Cependant, pour l'instant, il n'existe aucune technique d'analyse qui permette à partir d'un son quelconque d'extraire les paramètres physiques permettant de modéliser la source qui l'a produit. Néanmoins, dans le cadre de Cordis-Anima, il a été développé un outil d'analyse112 qui permet, à partir d'un geste donné et de la réaction correspondante de la structure vibrante, de déduire la composition de cette dernière, en termes de masses et de ressorts.
Pour déduire de l'analyse d'un son les paramètres physiques de la structure le générant, il est, pour l'instant, nécessaire d'utiliser des filtres Kalman, outil d'analyse qui repose à la fois sur la théorie des signaux et sur la représentation en variables d'états, et qui permet d'identifier l'état d'un système dans un contexte non stationnaire et avec une entrée déterministe. Les filtres de Kalman sont supérieurs aux méthodes de prédiction linéaire, mais ne sont efficaces qu'avec une modélisation fondée sur le formalisme en variables d'état. Or aucune des synthèses que nous avons évoquées n'utilise ce formalisme. De nombreuses recherches à l'IRCAM sont poursuivies dans le but de développer une écriture des modèles physiques basée sur ce formalisme largement utilisé dans le domaine de l'automatique, ce qui permettrait d'utiliser le filtrage de Kalman comme procédé d'analyse. Jusqu'à présent, les tubes (linéaires) des instruments à vent ont été décrits d'une manière physiquement et perceptiblement satisfaisante, en prenant en compte les pertes viscothermiques au cours de la propagation des ondes sonores dans l'air. Après une modélisation simplifiée du rayonnement, ces modèles seront reliés à des excitateurs non-linéaires permettant de simuler les sources. A partir de ces travaux théoriques, un environnement informatique capable de créer automatiquement un synthétiseur113 donné à partir de la géométrie d'un système de tubes interconnectés, est actuellement mis au point.

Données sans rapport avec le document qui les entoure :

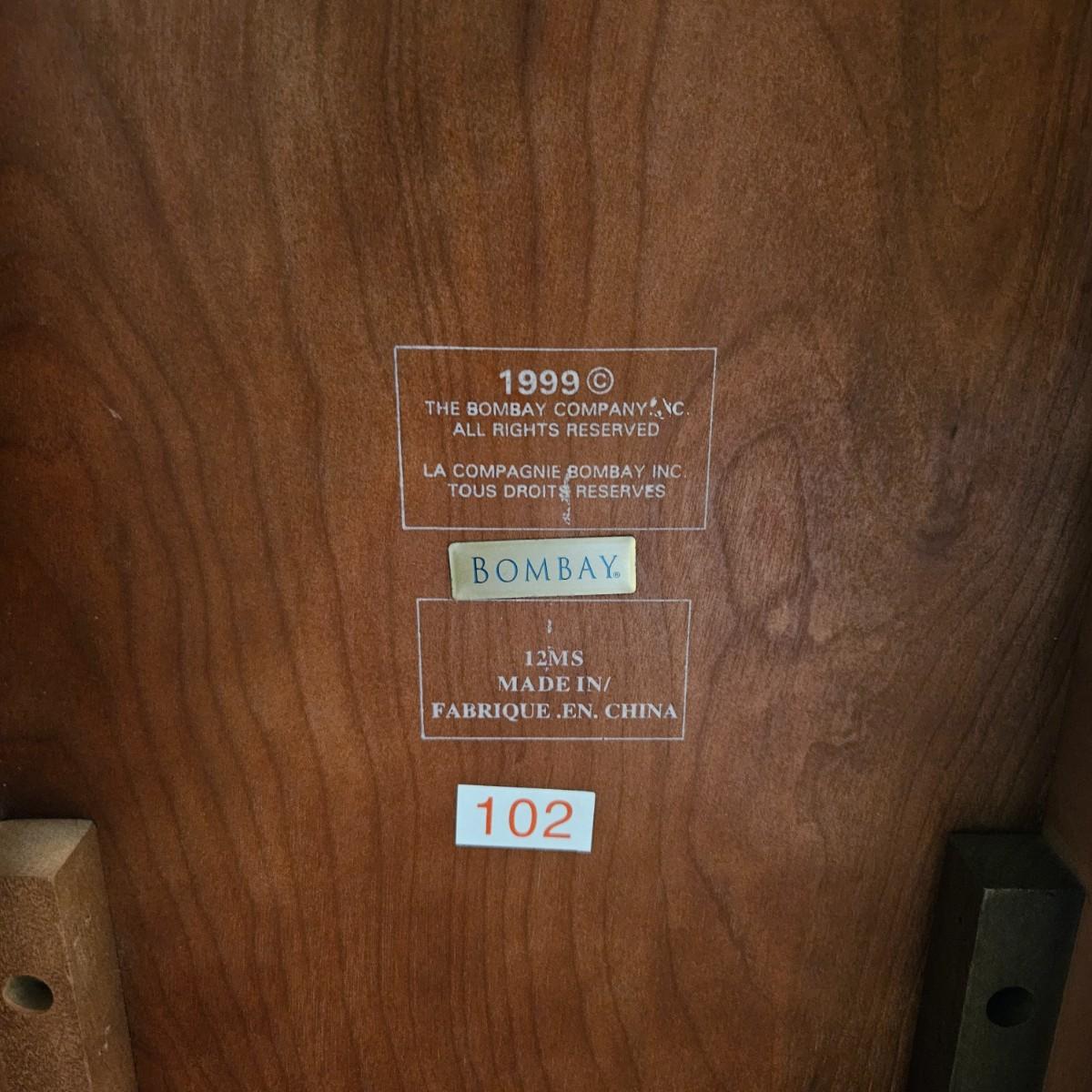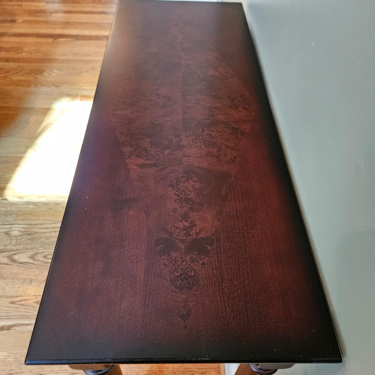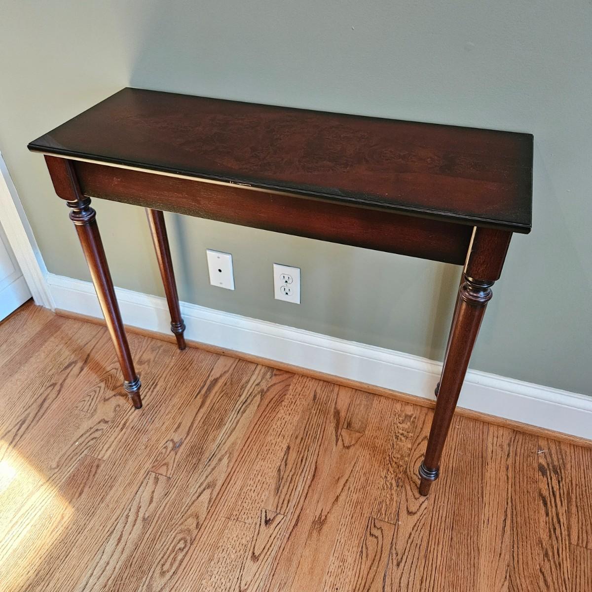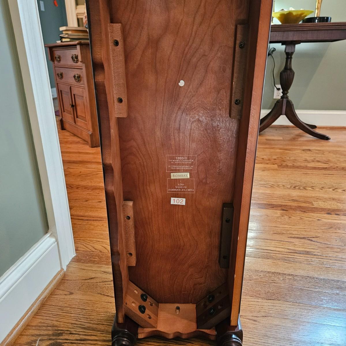A Bombay small console table made of solid wood with a dark cherry finish. It measures approximately 32" x 12" x 29"H. Local pickup only

" Nous voulons souligner l'importance du choix du modèle pour une technique de synthèse. En particulier une des qualités que doit avoir le modèle est qu'il doit bien se prêter à une acquisition automatique des évolutions de ses paramètres à partir d'une ou plusieurs de ses sorties. En ce sens, les modèles en variables d'état semblent intéressants parce qu'ils constituent un intermédiaire entre les modèles de signaux et les modèles physiques ce qui autorise un transfert de connaissance de l'une des approches vers l'autre114. "

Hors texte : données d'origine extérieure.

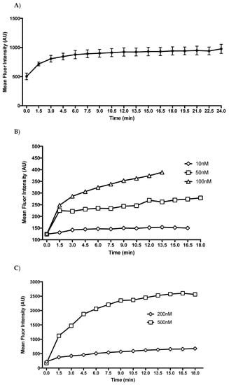 Uptake rate of fluorescent labeled T1AM (FL-T1AM). 3T3-L1 cells were given FL-T1AM and their mean shift in fluorescent intensity was measured with 10,000 cells per time point. T1AM uptake appears to involve a three-phase pattern, consisting of a rapid exponential uptake, followed by a linear steady increase, and ending with a plateau. (A) Mean fluorescent shift of FL-T1AM signal at 100 nM ± SEM. (B) Fluorescent signal intensity over time at 10, 50, and 100 nM. (C) Fluorescent signal intensity over time at 200 nM and 500 nM.

Pour l'instant, l'absence d'une méthode d'analyse rend l'utilisation de la synthèse par modèles physiques problématique et contraignante. Le compositeur se trouve face à deux interdictions fondamentales. D'une part, il ne peut associer directement à un son donné un ensemble de paramètres, ce qui l'empêche de prédire le résultat sonore correspondant à la manipulation des paramètres de contrôle ; sans notion d'acoustique approfondie et de pratique instrumentale, le compositeur sera contraint de procéder à de nombreuses expériences. D'autre part, l'absence d'analyse interdit toute transformation du son d'un instrument réel par l'intermédiaire d'une analyse-resynthèse. Ce serait pourtant très intéressant : on assisterait à une mutation sonore mais surtout à une mutation de l'instrument lui-même.
La possibilité d'associer une méthode d'analyse à une synthèse et par voie de conséquence, transformer un son instrumental, reste le propre des synthèses par modèles de signaux. Les utilisateurs de la synthèse par modèles physiques s'attachent donc à reproduire des instruments connus afin d'apprendre à maîtriser ces paramètres.